# Having trouble finding Flag



## snowslayer (Feb 4, 2008)

I am having trouble finding a certian flag it was a flag on a long pole for getting geese attention at long distances does anybody still sell them or were they dicontinued.


----------



## Ron Gilmore (Jan 7, 2003)

I purchased an extending flagging pole and and then purchased a flag for it seperately. I have not seen any long rigged poles otherwise!


----------



## snowslayer (Feb 4, 2008)

where did you find that at.


----------



## Horker23 (Mar 2, 2006)

Google "Flagman" products. Randy will hook you up with something. He is a great guy and even a better guy to work with!


----------



## Ron Gilmore (Jan 7, 2003)

Bought my last one this fall at what use to be Sportsmans Warehouse. Both flag and pole!


----------



## carp_killer (Nov 24, 2006)

dont buy anything from the flagman. he is a complete ******* to anybody that hunts near fergus that he meets i would never do business with him and strongly discourage everyone else to


----------



## blhunter3 (May 5, 2007)

Share your story trapper, that might help people understand why not buy stuff from him.


----------



## Horker23 (Mar 2, 2006)

Yeah no kidding i wanna hear this one!


----------



## Andrew Bremseth (Aug 1, 2007)

carp_killer said:


> dont buy anything from the flagman. he is a complete @$$hole to anybody that hunts near fergus that he meets i would never do business with him and strongly discourage everyone else to


Not everyone... I have hunted there my entire life, probably way more often than you and I have yet to run into him.

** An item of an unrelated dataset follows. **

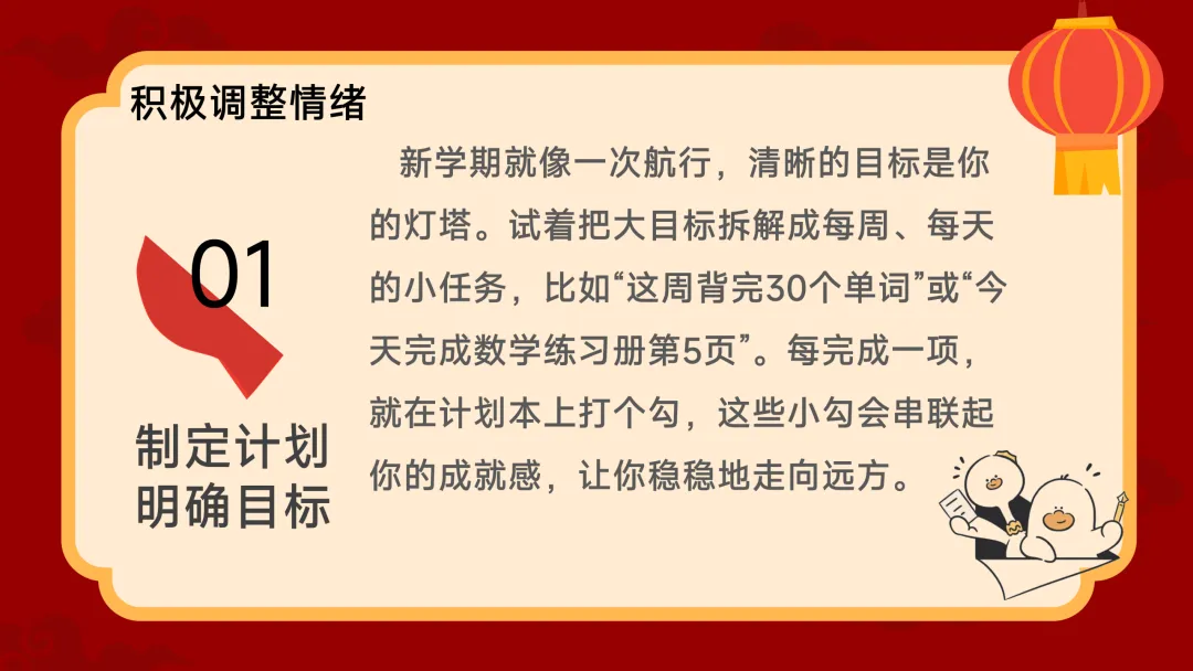 (展示PPT第8-11页)班主任:接下来进入第二部分,积极调整情绪。老师给大家三个小妙招。第一招,制定计划。新学期就像一次航行,清晰的目标就是你的灯塔。大家不要一上来就定个“我要考第一”这样的大目标,试着把它拆【第三部分:新学期新计划】(约12分钟)

It is unfortunate that he was the one who started the guiding and leasing trend......looking forward to your story.


----------



## dakotashooter2 (Oct 31, 2003)

If you need a long pole consider a colapsible "Crappe pole". I think you can get them fron 12-20' long for under $15.


----------



## carp_killer (Nov 24, 2006)

long story short i shot 3 geese off some state land near a field he was hunting and i got [email protected]!%d at for being unsportsman like and how i dont know who is and then was told the story of how he is gods gift to hunting..... im the reason that people look down upon hunters... have also talked to some other people near fergus that say he will chew you out for hunting in the same section as him even if you show up first and will try very hard to make sure you dont kill any birds by shooting when birds are working or blowing really weird noises on the call, parking on the road and doing stupid stuff to scare geese out of your spread if you are near his field and im sure i have been told more i dont remember.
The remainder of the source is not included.